- WHAT YOU ARE ASKED TO DO -
Count, in the entries below, the lines in which "other" occurs. Give the number, nothing more.

- INFORMATION SHOWN -
Content starts
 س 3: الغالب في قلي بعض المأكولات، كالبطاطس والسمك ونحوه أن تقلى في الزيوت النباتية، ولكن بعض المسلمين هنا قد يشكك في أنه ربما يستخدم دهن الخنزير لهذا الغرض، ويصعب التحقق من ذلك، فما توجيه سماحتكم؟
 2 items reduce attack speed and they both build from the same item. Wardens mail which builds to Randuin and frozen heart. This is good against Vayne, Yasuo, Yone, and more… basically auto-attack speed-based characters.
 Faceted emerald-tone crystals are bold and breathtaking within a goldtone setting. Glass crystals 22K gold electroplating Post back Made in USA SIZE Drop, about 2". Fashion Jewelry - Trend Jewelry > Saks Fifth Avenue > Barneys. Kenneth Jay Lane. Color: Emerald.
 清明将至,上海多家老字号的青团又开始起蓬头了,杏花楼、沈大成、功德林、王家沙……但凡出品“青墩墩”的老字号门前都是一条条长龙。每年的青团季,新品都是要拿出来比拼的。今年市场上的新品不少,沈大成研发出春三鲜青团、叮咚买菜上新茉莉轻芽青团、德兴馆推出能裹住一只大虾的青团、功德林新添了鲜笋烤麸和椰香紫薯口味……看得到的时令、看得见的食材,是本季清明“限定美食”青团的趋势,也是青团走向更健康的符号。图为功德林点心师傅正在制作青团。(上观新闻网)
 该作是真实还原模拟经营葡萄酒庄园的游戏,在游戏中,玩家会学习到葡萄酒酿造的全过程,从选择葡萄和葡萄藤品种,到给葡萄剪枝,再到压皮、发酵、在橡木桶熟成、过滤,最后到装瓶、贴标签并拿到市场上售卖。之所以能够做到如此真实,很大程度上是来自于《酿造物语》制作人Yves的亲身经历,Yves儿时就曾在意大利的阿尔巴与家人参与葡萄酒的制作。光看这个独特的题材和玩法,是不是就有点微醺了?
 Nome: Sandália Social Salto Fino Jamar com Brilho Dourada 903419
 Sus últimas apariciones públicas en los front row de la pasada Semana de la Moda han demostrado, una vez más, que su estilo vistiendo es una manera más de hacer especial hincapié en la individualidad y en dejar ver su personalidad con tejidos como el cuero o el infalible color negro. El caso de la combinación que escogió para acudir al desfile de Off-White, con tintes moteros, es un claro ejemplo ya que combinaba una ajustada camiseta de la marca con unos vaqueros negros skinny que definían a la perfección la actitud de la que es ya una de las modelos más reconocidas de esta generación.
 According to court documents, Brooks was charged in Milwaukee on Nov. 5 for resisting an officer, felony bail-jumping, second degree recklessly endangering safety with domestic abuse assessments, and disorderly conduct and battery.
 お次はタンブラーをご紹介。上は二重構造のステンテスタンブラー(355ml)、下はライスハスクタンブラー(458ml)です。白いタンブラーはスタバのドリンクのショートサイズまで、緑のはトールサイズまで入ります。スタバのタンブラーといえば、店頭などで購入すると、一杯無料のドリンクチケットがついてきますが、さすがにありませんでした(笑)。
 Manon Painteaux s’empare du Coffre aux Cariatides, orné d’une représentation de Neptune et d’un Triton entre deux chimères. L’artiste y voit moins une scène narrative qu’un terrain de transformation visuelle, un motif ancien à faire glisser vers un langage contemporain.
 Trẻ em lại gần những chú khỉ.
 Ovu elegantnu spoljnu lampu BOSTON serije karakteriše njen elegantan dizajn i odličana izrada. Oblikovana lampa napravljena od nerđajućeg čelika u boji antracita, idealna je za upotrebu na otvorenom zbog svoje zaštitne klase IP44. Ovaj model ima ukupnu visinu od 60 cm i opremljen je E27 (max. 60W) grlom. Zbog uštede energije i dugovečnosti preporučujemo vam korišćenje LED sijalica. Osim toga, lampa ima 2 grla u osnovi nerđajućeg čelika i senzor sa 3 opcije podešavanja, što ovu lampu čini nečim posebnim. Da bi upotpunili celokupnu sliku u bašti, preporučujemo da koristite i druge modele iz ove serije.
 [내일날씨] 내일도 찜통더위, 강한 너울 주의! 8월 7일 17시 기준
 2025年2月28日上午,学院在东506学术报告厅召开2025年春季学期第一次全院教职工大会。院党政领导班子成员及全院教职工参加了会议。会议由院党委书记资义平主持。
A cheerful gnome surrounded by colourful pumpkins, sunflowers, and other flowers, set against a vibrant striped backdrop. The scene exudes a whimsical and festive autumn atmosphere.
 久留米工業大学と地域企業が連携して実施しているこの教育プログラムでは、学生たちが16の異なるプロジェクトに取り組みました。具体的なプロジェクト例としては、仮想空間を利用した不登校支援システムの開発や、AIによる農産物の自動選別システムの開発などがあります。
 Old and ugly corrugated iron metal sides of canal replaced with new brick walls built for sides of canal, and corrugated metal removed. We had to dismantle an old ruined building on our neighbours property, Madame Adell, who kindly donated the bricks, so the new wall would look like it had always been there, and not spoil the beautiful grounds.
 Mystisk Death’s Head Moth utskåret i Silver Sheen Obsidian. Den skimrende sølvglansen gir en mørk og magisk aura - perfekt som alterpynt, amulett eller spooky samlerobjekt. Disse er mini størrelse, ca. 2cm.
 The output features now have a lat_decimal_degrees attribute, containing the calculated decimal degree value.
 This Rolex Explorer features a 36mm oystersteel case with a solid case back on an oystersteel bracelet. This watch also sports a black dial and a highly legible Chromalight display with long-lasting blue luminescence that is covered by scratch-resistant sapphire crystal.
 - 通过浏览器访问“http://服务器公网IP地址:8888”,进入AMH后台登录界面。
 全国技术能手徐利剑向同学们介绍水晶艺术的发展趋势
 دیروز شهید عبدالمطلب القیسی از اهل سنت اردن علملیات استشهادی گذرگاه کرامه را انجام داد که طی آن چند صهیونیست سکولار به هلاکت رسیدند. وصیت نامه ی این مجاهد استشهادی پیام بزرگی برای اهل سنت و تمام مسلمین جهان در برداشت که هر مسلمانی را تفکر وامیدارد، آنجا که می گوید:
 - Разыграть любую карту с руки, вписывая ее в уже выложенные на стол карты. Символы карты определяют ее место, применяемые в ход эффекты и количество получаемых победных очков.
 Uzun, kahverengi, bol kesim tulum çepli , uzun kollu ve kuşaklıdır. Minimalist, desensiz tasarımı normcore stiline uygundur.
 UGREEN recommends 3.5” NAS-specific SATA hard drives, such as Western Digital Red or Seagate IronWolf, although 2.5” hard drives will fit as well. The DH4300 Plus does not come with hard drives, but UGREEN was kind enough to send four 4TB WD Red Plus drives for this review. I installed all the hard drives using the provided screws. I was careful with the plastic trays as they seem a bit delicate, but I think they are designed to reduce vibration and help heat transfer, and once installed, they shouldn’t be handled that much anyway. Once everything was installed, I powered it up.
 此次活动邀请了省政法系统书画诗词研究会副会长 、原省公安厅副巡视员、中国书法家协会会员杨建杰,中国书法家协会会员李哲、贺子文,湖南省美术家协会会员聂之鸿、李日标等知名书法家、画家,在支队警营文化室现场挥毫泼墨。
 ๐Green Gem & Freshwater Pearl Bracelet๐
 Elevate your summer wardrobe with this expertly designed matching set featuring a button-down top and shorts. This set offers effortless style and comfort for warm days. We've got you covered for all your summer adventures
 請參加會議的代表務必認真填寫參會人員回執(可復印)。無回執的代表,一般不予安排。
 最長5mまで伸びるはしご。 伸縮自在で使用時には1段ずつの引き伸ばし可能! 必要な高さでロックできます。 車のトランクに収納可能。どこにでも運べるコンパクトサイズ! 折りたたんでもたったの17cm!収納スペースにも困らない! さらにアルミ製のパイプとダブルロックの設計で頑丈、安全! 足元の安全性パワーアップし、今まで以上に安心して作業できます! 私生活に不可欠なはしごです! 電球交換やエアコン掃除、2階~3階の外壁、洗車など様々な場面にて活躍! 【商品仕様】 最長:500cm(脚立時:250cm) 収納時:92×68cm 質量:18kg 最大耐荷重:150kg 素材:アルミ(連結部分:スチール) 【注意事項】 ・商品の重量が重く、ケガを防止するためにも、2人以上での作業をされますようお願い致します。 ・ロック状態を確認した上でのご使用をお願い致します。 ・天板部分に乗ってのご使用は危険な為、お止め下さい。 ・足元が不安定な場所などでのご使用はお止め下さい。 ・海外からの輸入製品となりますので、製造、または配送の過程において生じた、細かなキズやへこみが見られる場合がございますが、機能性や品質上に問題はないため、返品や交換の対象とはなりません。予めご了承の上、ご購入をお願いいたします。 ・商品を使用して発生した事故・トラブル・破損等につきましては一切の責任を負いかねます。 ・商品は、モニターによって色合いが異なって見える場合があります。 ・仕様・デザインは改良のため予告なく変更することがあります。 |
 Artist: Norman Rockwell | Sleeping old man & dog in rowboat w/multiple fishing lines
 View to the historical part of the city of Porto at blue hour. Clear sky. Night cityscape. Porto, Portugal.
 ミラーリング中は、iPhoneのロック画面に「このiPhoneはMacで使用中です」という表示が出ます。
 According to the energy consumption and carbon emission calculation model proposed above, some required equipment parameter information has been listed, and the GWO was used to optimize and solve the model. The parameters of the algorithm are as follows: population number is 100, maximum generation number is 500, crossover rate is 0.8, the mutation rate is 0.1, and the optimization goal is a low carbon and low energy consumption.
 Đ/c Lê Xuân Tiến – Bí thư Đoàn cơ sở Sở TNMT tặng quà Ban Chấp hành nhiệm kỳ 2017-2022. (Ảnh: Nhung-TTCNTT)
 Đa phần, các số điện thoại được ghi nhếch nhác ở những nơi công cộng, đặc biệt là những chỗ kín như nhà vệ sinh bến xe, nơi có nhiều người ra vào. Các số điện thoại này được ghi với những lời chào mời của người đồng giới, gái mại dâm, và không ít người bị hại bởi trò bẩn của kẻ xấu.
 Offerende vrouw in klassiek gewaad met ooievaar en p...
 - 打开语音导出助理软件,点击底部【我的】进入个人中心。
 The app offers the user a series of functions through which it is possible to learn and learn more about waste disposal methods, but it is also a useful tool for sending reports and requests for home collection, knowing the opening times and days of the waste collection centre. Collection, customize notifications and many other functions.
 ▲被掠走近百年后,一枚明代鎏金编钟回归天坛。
Content ends
- ANSWER AREA -
2